Part One - The Rules
What They Mean and What They Do

Chapter One
Why Parliamentary Procedure?
Basic Organization Principles

"These processes are designed to ensure that everyone has a chance
to participate and to share ideas in an orderly manner. Parliamentary 
procedure should not be used to prevent discussion of important issues."

There is a great need for more democratic policies on organization, communal and national levels. Since millions of men and women are banded together in hundreds of thousands of organizations, athletic, business, civic, cooperative, cultural, educational, ethnic, fraternal, labor, philanthropic, political, professional, recreational, religious, scientific, social, etc., etc. -- the faithful observance of democratic principles would become a major and impressive influence in shaping a stronger American democracy.

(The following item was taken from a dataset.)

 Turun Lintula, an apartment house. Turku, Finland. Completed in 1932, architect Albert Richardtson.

Robert's Rules of Order (see downloadable pdf file) has been accepted throughout the United States as the standard authority on parliamentary law and procedure. Hundreds of books have been written to simplify, clarify, and amplify these rules -- all based on Robert's Rules of Order, rarely changing or superseding this approved work.

There seems to be the mistaken notion that only presidents (chairpersons) or aspiring presidents need a knowledge of these rules. It is the member who can change the whole course of the meeting if he has acquired a knowledge of the fundamental laws and procedures. He is then in a position to make a most effective contribution to the group needs; also, he can be on guard to protect the organization when parliamentary law is misused or abused.

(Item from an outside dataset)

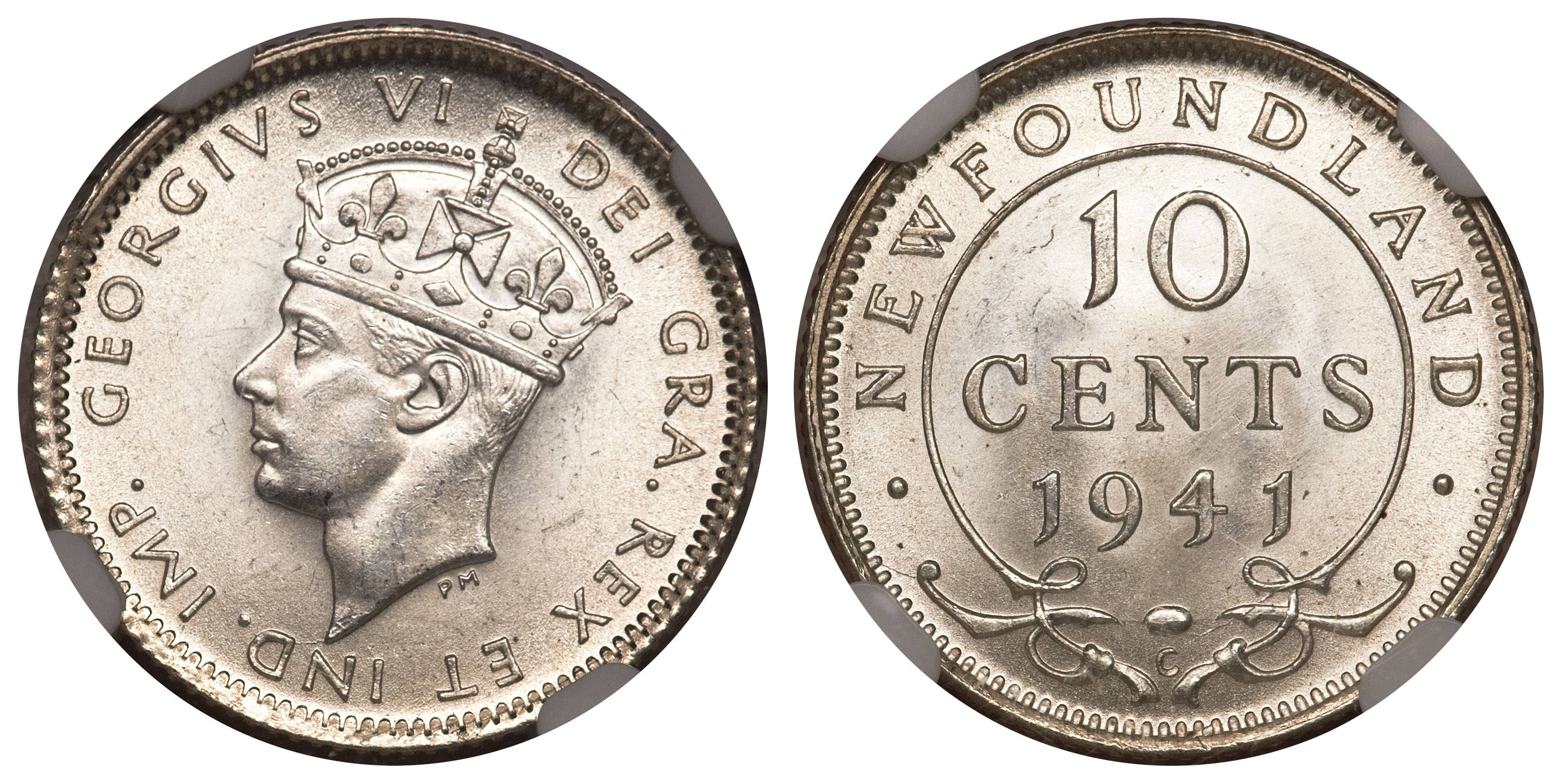 Canada Newfoundland George VI 10 Cents 1941C(3009-20996)

General Robert said that if there were no rules or established customs to guide an assembly of persons, and if each could talk on any subject as long and as many times as he pleased, and if all could talk at the same time, it would be impossible in most cases to ascertain their deliberate judgment on any particular matter.

Experience has shown a necessity for...

.) A set of rules,
.) A presiding officer to enforce them and to preserve order, and
.) A recording secretary to keep a record of the business transacted by the assembly.

Chapter Two
What Is The Primary Rule?

Only One Principal-Main Motion at a Time

All business is brought before the meeting by way of 1) a motion or resolution, 2) a report of a committee, or 3) a communication. The terms motion, and question are synonymous; when first stated, it is a motion, and when repeated by the chairman, it is referred to as a question.

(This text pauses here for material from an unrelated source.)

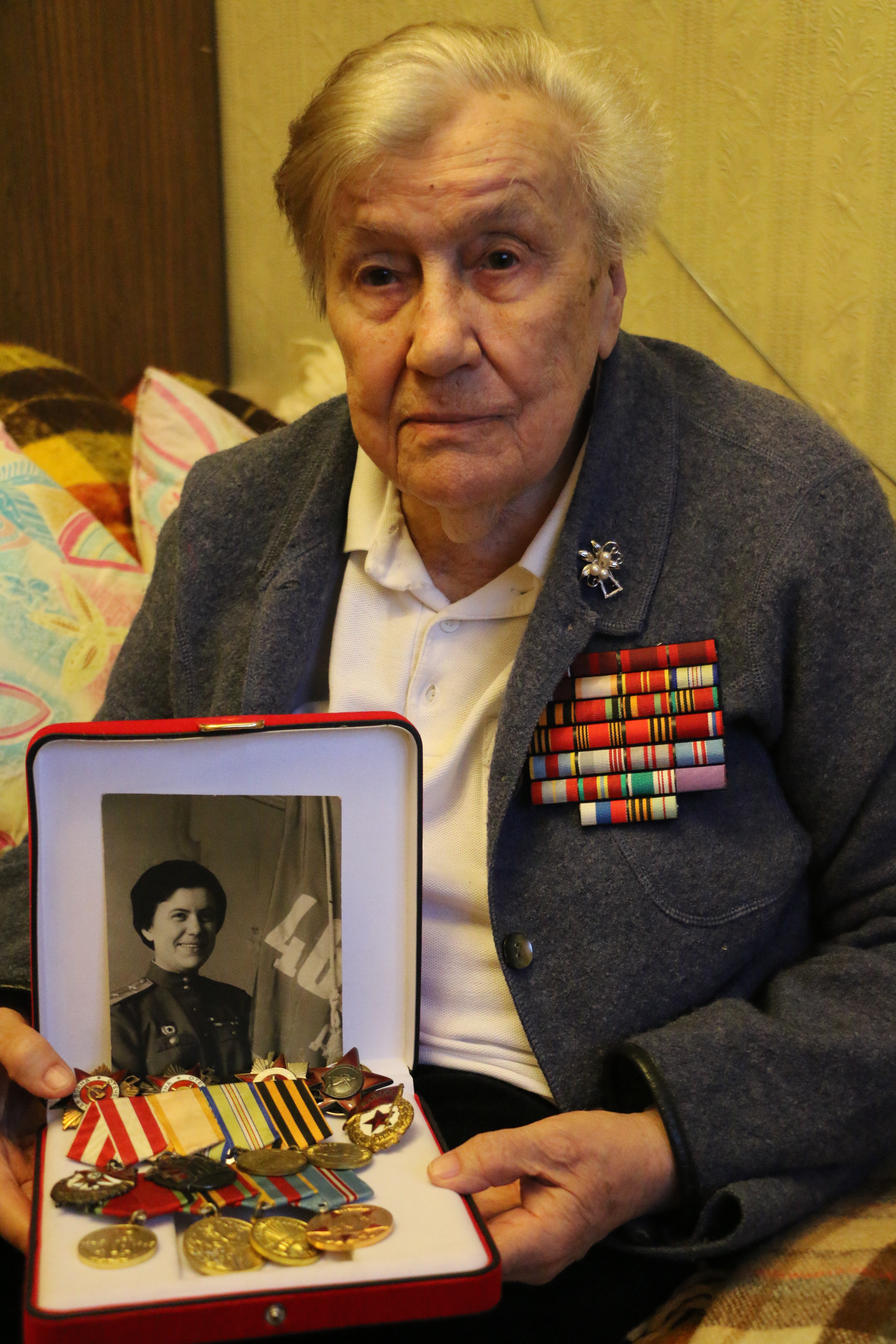 Irina Vyatscheslavovna Rakobolskaya, December 2015

Only one such motion can be considered at a time. It must be made by a member and seconded by another member. The maker of a motion must get the floor by rising, addressing the presiding officer and obtaining recognition. The motion should be worded in the affirmative whenever possible.

The presiding officer restates the motion and asks, "Are there any remarks?"

This opens debate on the question. The maker of the motion is entitled to speak first on the motion. All remarks must be addressed to the chairman.

No member may speak a second time on the same question if another member desires to speak on the subject, but he may speak a second time if one who has not spoken is not seeking recognition.

But in formal meetings, if anyone objects, he may not speak more often without permission from the assembly...

When a main motion is before the assembly, it must be accepted or rejected or be disposed of in some way, before another subject can be introduced...

When a group is prepared to accept a motion in its given form, nothing more is required but to take the vote and get the result...

Secondary motions must be made after the main motion is stated and before the vote is taken...

When stating the motion, the chairman should make perfectly clear what it is, and, after the vote is taken, state the result. --

Get Robert's Rules of Order.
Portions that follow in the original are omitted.